### Material for this exercise
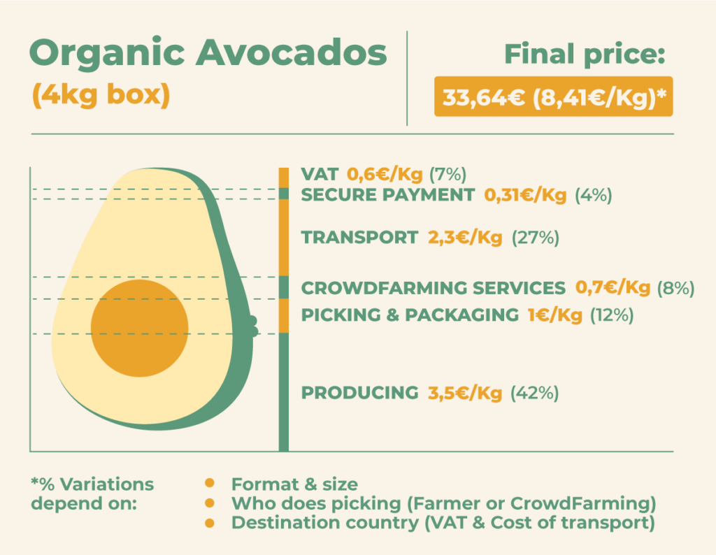 - CrowdFarming services: 0,7€/kg (8% of final consumer price)
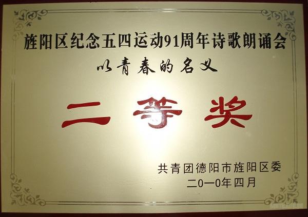 近日,我院在旌阳区纪念“五四”运动91周年暨“我们的节日”系列活动中,分别荣获演讲比赛一等奖和诗歌朗诵比赛二等奖。此次比赛于4月30日举行,是共青团德阳市旌阳区委在中国共青团成立88周年,五四运动91周年之际开展的纪念活动,旨在通过这本次活动动员和引导广大团员青年以勤于学习、善于创造、甘于奉献的实际行动庆祝自己的生日。
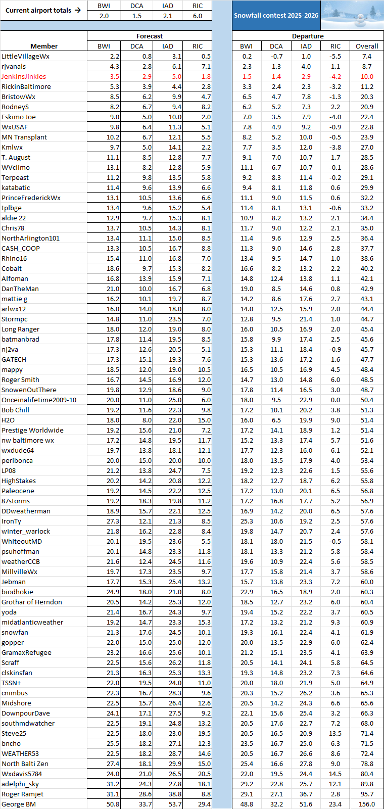 Dulles received 0.1 inch of snow this morning, and so here is the updated table, which shows a decreased departure for all entrants of 0.1.
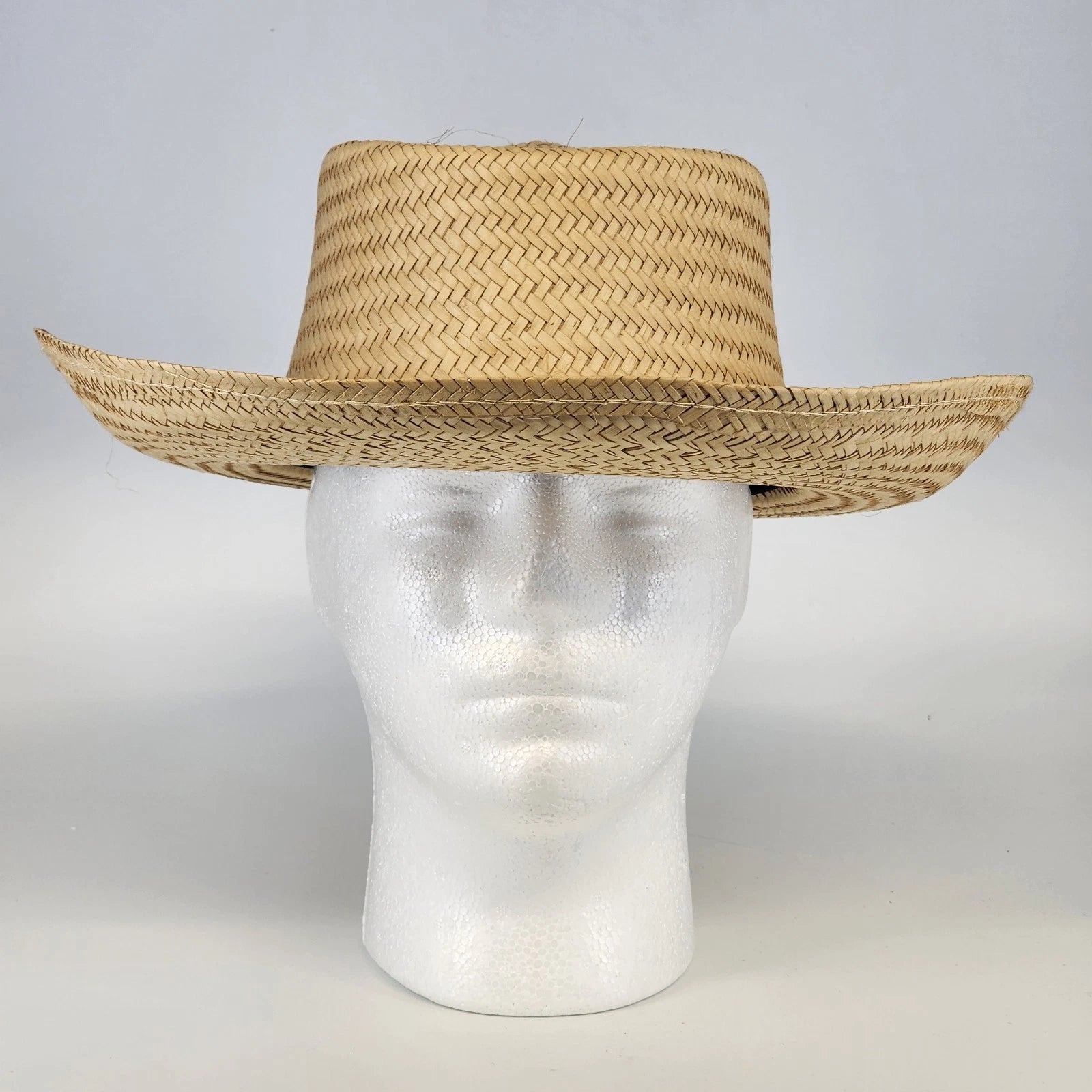 Sun Hat Straw Natural Woven Fedora Women’s Size Large Made in Mexico Wide Brim
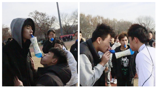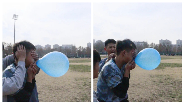 每组六个人,依次穿衣接力,最后一个参赛员原地转十圈,吹爆气球。比赛既有挑战又有乐趣,同学们玩得不亦乐乎,加油声、喝彩声此起彼伏,好不热闹。
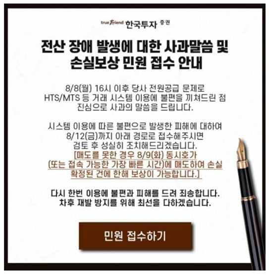 이어 “한국투자증권 홈페이지에 올라온 민원접수 안내문 역시 소극적인 대처로 투자자들에게 실망감을 안겨주었다. 해당 안내문은 ‘8/9 동시호가(또는 접속 가능한 가장 빠른 시간)에 매도해 손실 확정된 건에 한해 보상이 가능하다’고 돼 있다”며 “고객에게 직접 손실 여부를 증명하라고 요구하는 것이다. 게다가 8월 12일까지 접수된 건만 보상하겠다고 해 투자자에게는 고작 4일의 시간이 주어졌다. 해외 체류 중인 투자자는 모르고 넘어갔을 가능성도 있다”고 덧붙였다.
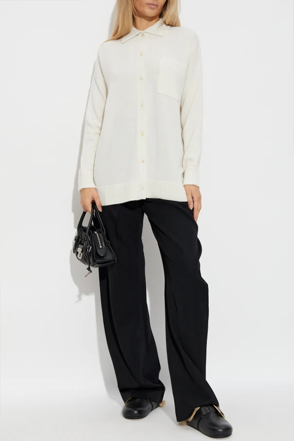 Das klassische Hemdkragen-Finish sowie die durchgehende Knopfleiste zeugen von höchster Liebe zum Detail. Eine dezent aufgesetzte Tasche auf der linken Brustseite verleiht Funktionalität, ohne die Harmonie des Schnitts zu stören. Der Bull Cardigan ist eine außergewöhnliche Wahl für Frauen, die zeitlose Schönheit und die meisterhafte Handwerkskunst von Max Mara zu schätzen wissen.

### Task prompt
Set down the records exactly, without the pictures.

### Output for this task
 - CrowdFarming services: 0,7€/kg (8% of final consumer price)
 近日,我院在旌阳区纪念“五四”运动91周年暨“我们的节日”系列活动中,分别荣获演讲比赛一等奖和诗歌朗诵比赛二等奖。此次比赛于4月30日举行,是共青团德阳市旌阳区委在中国共青团成立88周年,五四运动91周年之际开展的纪念活动,旨在通过这本次活动动员和引导广大团员青年以勤于学习、善于创造、甘于奉献的实际行动庆祝自己的生日。
 Dulles received 0.1 inch of snow this morning, and so here is the updated table, which shows a decreased departure for all entrants of 0.1.
 Sun Hat Straw Natural Woven Fedora Women’s Size Large Made in Mexico Wide Brim
 每组六个人,依次穿衣接力,最后一个参赛员原地转十圈,吹爆气球。比赛既有挑战又有乐趣,同学们玩得不亦乐乎,加油声、喝彩声此起彼伏,好不热闹。
 이어 “한국투자증권 홈페이지에 올라온 민원접수 안내문 역시 소극적인 대처로 투자자들에게 실망감을 안겨주었다. 해당 안내문은 ‘8/9 동시호가(또는 접속 가능한 가장 빠른 시간)에 매도해 손실 확정된 건에 한해 보상이 가능하다’고 돼 있다”며 “고객에게 직접 손실 여부를 증명하라고 요구하는 것이다. 게다가 8월 12일까지 접수된 건만 보상하겠다고 해 투자자에게는 고작 4일의 시간이 주어졌다. 해외 체류 중인 투자자는 모르고 넘어갔을 가능성도 있다”고 덧붙였다.
 Das klassische Hemdkragen-Finish sowie die durchgehende Knopfleiste zeugen von höchster Liebe zum Detail. Eine dezent aufgesetzte Tasche auf der linken Brustseite verleiht Funktionalität, ohne die Harmonie des Schnitts zu stören. Der Bull Cardigan ist eine außergewöhnliche Wahl für Frauen, die zeitlose Schönheit und die meisterhafte Handwerkskunst von Max Mara zu schätzen wissen.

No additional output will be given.